EXTRACTED RECORDS —
+ + + + + + +

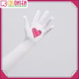 サテンで製作しています。白を基調として、右側はノースリーブで、左側は半袖で、ユニークなデザインで印象的です。スカート部分は多重プリーツスカートのデザインで、裾に白いバラが飾ってあり、超可愛いです。
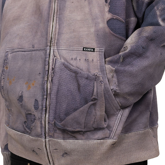 ヴィンテージのボロZIPフーディを超高解像度でスキャンし転写したデザイン。
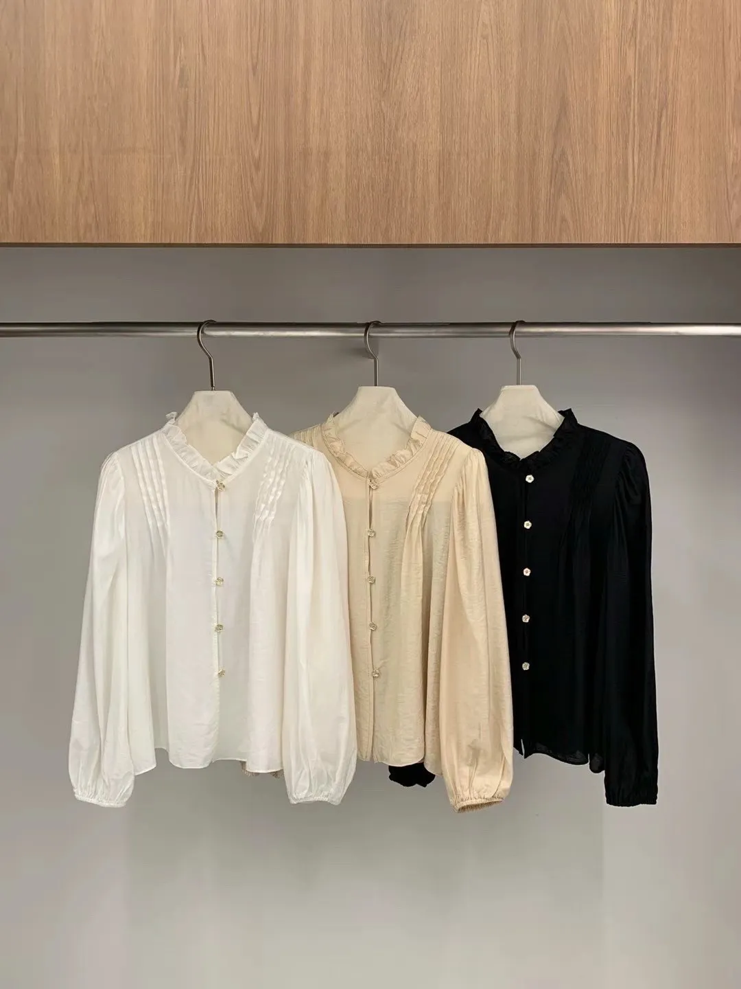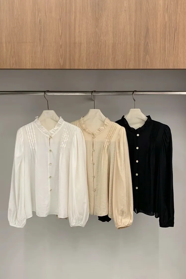 天絲100%荷葉壓摺排扣上衣(白,杏,黑)
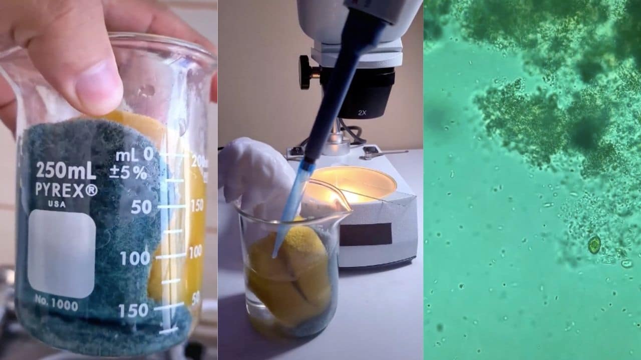 El equipo detrás del perfil, puso a remojar una esponja vieja en agua por unas horas y la llevó al laboratorio para tomar una muestra y, sobre el portaobjetos, analizarla a detalle.
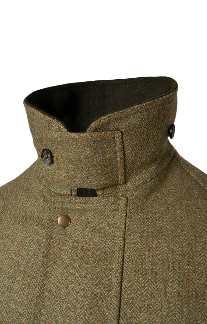 A modern take on a handsome country classic, this Scottish Saxony tweed shooting coat will keep you warm, dry and stylish. Cut to a comfortable fit from the finest tweed fabric, this jacket features two spacious bellows pockets to the front and hand warming pockets above, as well as a storm placket with push stud closure to keep you warm. Contrast collar and cuffs lend definition to this instant classic.

+ + + + + + +

With the pictures removed, return all the entries exactly.

 サテンで製作しています。白を基調として、右側はノースリーブで、左側は半袖で、ユニークなデザインで印象的です。スカート部分は多重プリーツスカートのデザインで、裾に白いバラが飾ってあり、超可愛いです。
 ヴィンテージのボロZIPフーディを超高解像度でスキャンし転写したデザイン。
 天絲100%荷葉壓摺排扣上衣(白,杏,黑)
 El equipo detrás del perfil, puso a remojar una esponja vieja en agua por unas horas y la llevó al laboratorio para tomar una muestra y, sobre el portaobjetos, analizarla a detalle.
 A modern take on a handsome country classic, this Scottish Saxony tweed shooting coat will keep you warm, dry and stylish. Cut to a comfortable fit from the finest tweed fabric, this jacket features two spacious bellows pockets to the front and hand warming pockets above, as well as a storm placket with push stud closure to keep you warm. Contrast collar and cuffs lend definition to this instant classic.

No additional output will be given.